ORF3c is a gene found in coronaviruses of the subgenus Sarbecovirus, including SARS-CoV and SARS-CoV-2. It was first identified in the SARS-CoV-2 genome and encodes a 41 amino acid non-structural protein of unknown function. It is also present in the SARS-CoV genome, but was not recognized until the identification of the SARS-CoV-2 homolog.
ORF7b is a gene found in coronaviruses of the genus Betacoronavirus, which expresses the accessory protein Betacoronavirus NS7b protein. It is a short, highly hydrophobic transmembrane protein of unknown function.
ORF8 is a gene that encodes a viral accessory protein, Betacoronavirus NS8 protein, in coronaviruses of the subgenus Sarbecovirus. It is one of the least well conserved and most variable parts of the genome. In some viruses, a deletion splits the region into two smaller open reading frames, called ORF8a and ORF8b - a feature present in many SARS-CoV viral isolates from later in the SARS epidemic, as well as in some bat coronaviruses. For this reason the full-length gene and its protein are sometimes called ORF8ab. The full-length gene, exemplified in SARS-CoV-2, encodes a protein with an immunoglobulin domain of unknown function, possibly involving interactions with the host immune system. It is similar in structure to the ORF7a protein, suggesting it may have originated through gene duplication.
ORF6 is a gene that encodes a viral accessory protein in coronaviruses of the subgenus Sarbecovirus, including SARS-CoV and SARS-CoV-2. It is not present in MERS-CoV. It is thought to reduce the immune system response to viral infection through interferon antagonism.
ORF9b is a gene that encodes a viral accessory protein in coronaviruses of the subgenus Sarbecovirus, including SARS-CoV and SARS-CoV-2. It is an overlapping gene whose open reading frame is entirely contained within the N gene, which encodes coronavirus nucleocapsid protein. The encoded protein is 97 amino acid residues long in SARS-CoV and 98 in SARS-CoV-2, in both cases forming a protein dimer.
ORF9c is an open reading frame (ORF) in coronavirus genomes of the subgenus Sarbecovirus. It is 73 codons long in the SARS-CoV-2 genome. Although it is often included in lists of Sarbecovirus viral accessory protein genes, experimental and bioinformatics evidence suggests ORF9c may not be a functional protein-coding gene.
ORF10 is an open reading frame (ORF) found in the genome of the SARS-CoV-2 coronavirus.
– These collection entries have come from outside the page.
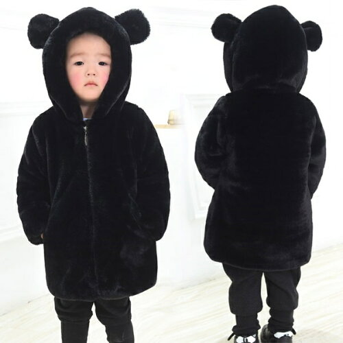 子供 ジャケット ボアブルゾン キッズ ボアパーカー フェイクファー フード付き 女の子 男の子 クマ耳 トップス 長袖 羽織 ライトアウター ジップアップ フード ボリューム 防寒 アウター もこもこ 秋冬 ロング モコモコ ブラック dt096x1x1x1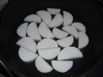 半月切りにする。 ゲソは、3cm程の長さで 昆布だしの素を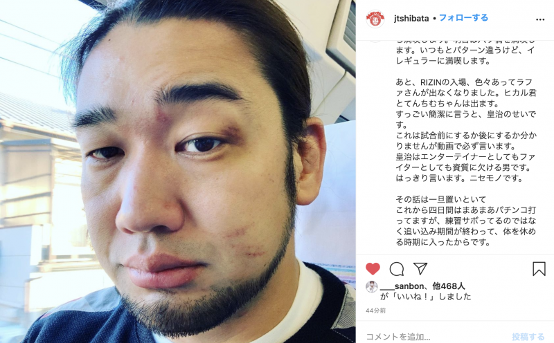 練習のためか、傷だらけの顔で皇治に怒りをあらわにするシバター(シバターのインスタより)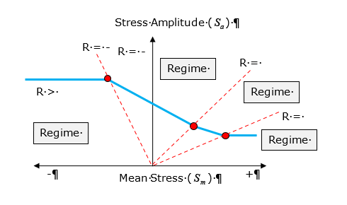 FKMのガイドラインに従い、応力比(R=Smin/Smax)の値を基準としてHaigh線図を4つの期間に分割します。次に補正値を使用して、損傷と寿命の計算段階で使用するSN曲線を選択します。

It is 38 codons long. It is not conserved in all Sarbecoviruses. In studies prompted by the COVID-19 pandemic, ORF10 attracted research interest as one of two viral accessory protein genes not conserved between SARS-CoV and SARS-CoV-2 and was initially described as a protein-coding gene likely under positive selection. However, although it is sometimes included in lists of SARS-CoV-2 accessory genes, experimental and bioinformatics evidence suggests ORF10 is likely not a functional protein-coding gene.